### Requirement
Repeat the listing below in full and exactly. Pictures are to be omitted.

### Information provided
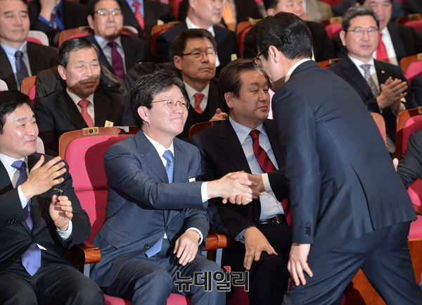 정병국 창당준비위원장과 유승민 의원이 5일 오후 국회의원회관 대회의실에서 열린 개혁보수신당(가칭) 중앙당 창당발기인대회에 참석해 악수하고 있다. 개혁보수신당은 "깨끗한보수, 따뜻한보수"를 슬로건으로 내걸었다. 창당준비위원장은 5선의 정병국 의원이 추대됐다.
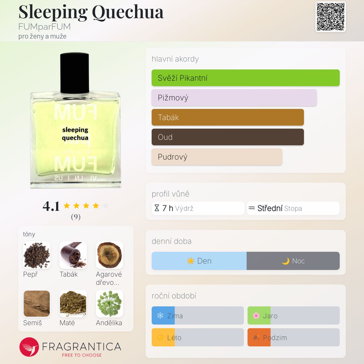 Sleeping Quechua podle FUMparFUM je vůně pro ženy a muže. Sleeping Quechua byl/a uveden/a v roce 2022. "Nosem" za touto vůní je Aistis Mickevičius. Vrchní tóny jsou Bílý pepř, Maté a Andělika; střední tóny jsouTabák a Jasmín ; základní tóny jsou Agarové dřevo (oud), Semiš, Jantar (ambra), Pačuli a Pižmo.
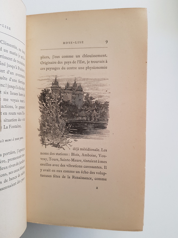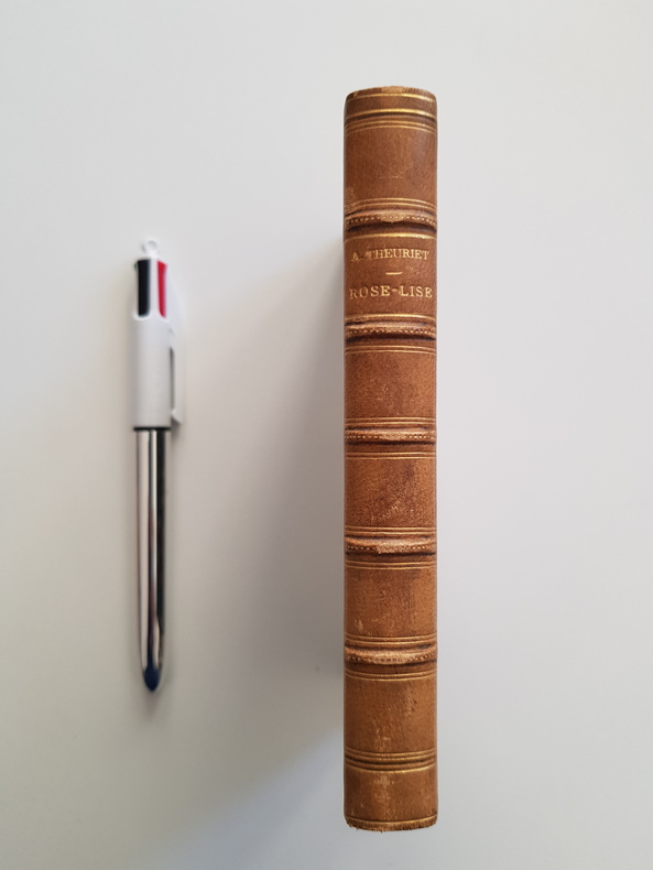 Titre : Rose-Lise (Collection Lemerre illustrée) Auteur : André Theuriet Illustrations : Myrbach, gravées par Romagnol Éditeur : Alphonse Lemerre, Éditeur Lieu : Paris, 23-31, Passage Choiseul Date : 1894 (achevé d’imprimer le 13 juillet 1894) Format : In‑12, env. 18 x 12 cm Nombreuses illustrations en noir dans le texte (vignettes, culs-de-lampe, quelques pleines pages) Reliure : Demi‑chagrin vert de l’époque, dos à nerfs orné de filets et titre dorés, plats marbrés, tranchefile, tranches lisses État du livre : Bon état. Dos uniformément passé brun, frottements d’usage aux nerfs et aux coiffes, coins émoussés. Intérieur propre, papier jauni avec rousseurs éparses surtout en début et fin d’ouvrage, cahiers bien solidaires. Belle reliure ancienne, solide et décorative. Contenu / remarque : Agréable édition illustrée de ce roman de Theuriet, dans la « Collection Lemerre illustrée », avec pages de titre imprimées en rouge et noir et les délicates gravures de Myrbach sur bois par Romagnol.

### Written response
 정병국 창당준비위원장과 유승민 의원이 5일 오후 국회의원회관 대회의실에서 열린 개혁보수신당(가칭) 중앙당 창당발기인대회에 참석해 악수하고 있다. 개혁보수신당은 "깨끗한보수, 따뜻한보수"를 슬로건으로 내걸었다. 창당준비위원장은 5선의 정병국 의원이 추대됐다.
 Sleeping Quechua podle FUMparFUM je vůně pro ženy a muže. Sleeping Quechua byl/a uveden/a v roce 2022. "Nosem" za touto vůní je Aistis Mickevičius. Vrchní tóny jsou Bílý pepř, Maté a Andělika; střední tóny jsouTabák a Jasmín ; základní tóny jsou Agarové dřevo (oud), Semiš, Jantar (ambra), Pačuli a Pižmo.
 Titre : Rose-Lise (Collection Lemerre illustrée) Auteur : André Theuriet Illustrations : Myrbach, gravées par Romagnol Éditeur : Alphonse Lemerre, Éditeur Lieu : Paris, 23-31, Passage Choiseul Date : 1894 (achevé d’imprimer le 13 juillet 1894) Format : In‑12, env. 18 x 12 cm Nombreuses illustrations en noir dans le texte (vignettes, culs-de-lampe, quelques pleines pages) Reliure : Demi‑chagrin vert de l’époque, dos à nerfs orné de filets et titre dorés, plats marbrés, tranchefile, tranches lisses État du livre : Bon état. Dos uniformément passé brun, frottements d’usage aux nerfs et aux coiffes, coins émoussés. Intérieur propre, papier jauni avec rousseurs éparses surtout en début et fin d’ouvrage, cahiers bien solidaires. Belle reliure ancienne, solide et décorative. Contenu / remarque : Agréable édition illustrée de ce roman de Theuriet, dans la « Collection Lemerre illustrée », avec pages de titre imprimées en rouge et noir et les délicates gravures de Myrbach sur bois par Romagnol.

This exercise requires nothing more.